Press Association,Margaret Davis
Tuesday 09 March 2010 15:45 GMT

Five men linked to a UK terror plot which would cause "mass casualties" were arrested days before they planned to strike, a court heard today.

A British intelligence officer, identified only as ZR, told the Special Immigration Appeals Commission that the group was set to stage an atrocity between April 15 and 20 last year.

He told the hearing that Abid Naseer exchanged coded emails with an al-Qa'ida operative called Sohaib while planning the attack.

The pair used girls' names to cover their tracks, the officer said.

He told the hearing: "On the face of it the emails are designed to look, without knowledge of the surrounding context, they're designed to look like correspondence between two people about girls."

ZR went on: "I don't assess this to be two young men simply talking about girls. I think it's two people discussing attack planning on behalf of al Qaida."

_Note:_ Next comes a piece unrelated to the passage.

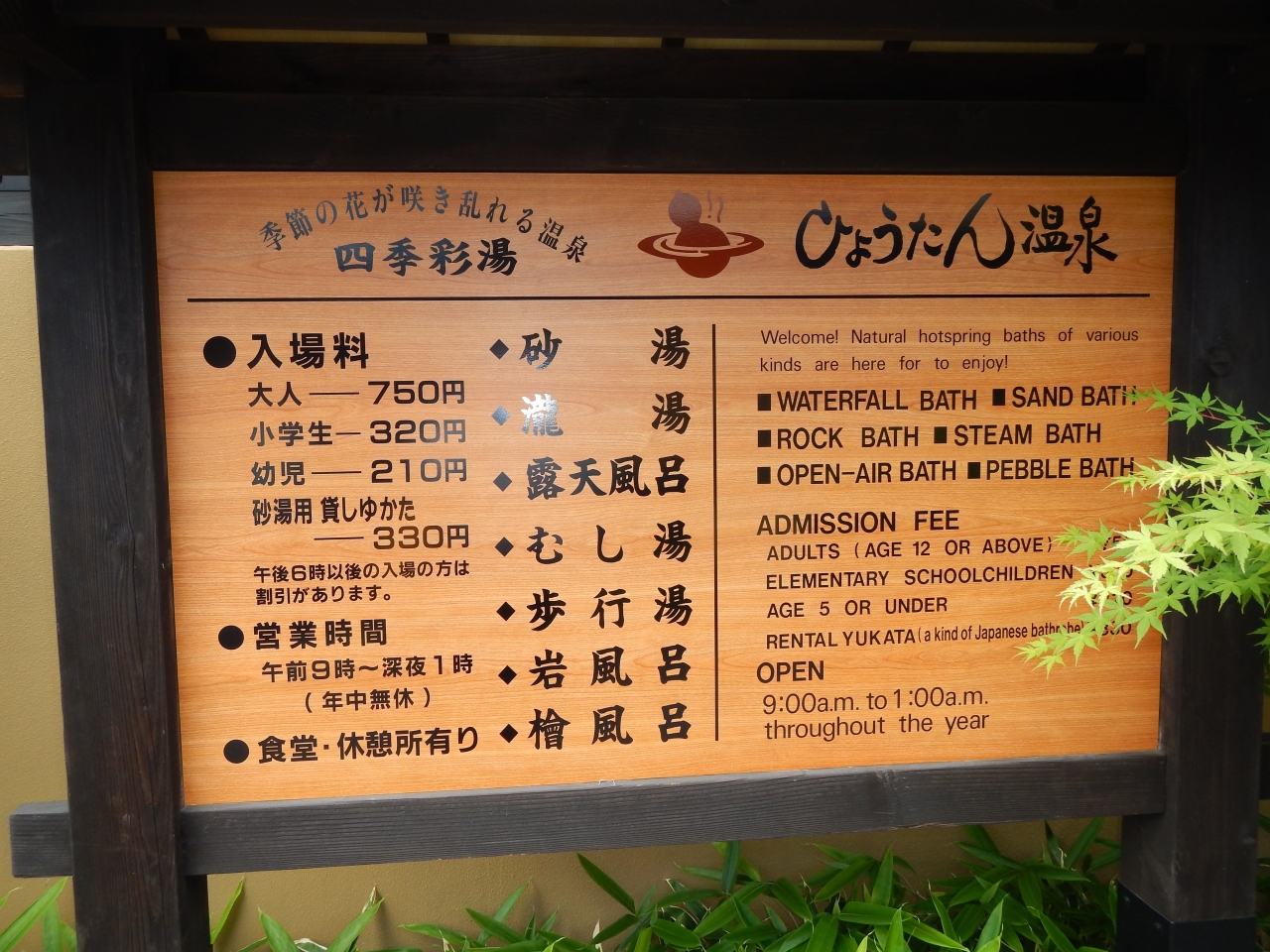 2014年6月入湯料750円砂湯は+330円。土曜の午後、比較的空いてました。砂湯は自分で砂をかけます。これは結構大変です。時間制限がないのは良いのですが、砂湯の利用は1回だけです。つまり砂湯用の浴衣が330円で、出るときには、砂まみれの浴衣を返却しますので,再度砂湯を利用するとなると、また、330円かかります。亀の井バスの1日乗車券を利用しましたが、ここの割引券がついてました。露天風呂は結構広くて気持ち良かったです。滝湯は数も多いし水量もあり、効くという感じでした。無料休憩所ではWiFiできました。

Naseer and Ahmed Faraz Khan are appealing against their deportation to Pakistan on the grounds that they are a national security risk.

Another three men - Shoaib Khan, Abdul Wahab Khan and Tariq Ur Rehman - have already been sent back to the country and are appealing to return to the UK.

ZR compared the alleged plan to the July 7 attacks and the airline bomb plot, but refused to reveal details of the similarities in open court.

He said: "The overarching similar fashion was that they were all planning a terrorist attack in the UK under the direction of al Qaida and these were aiming for mass casualties."

The officer went on: "I'm comfortable that there are similarities between those plots and I'm comfortable to talk about that in closed session."

Representing Naseer, Joel Bennathan QC said Naseer and Sohaib used women's names because as Muslim men this was the only way they could access certain websites.

The subject of two of the emails was "Sohaib here", which showed they had nothing to hide, he said.

Mr Bannathan told ZR: "You know, don't you, that in Pakistan in public, senior figures in the Pakistani government have been saying 'these boys are innocent, they should be allowed to carry on with their studies'."

The officer replied: "The claims that these individuals are not involved in terrorism are wrong."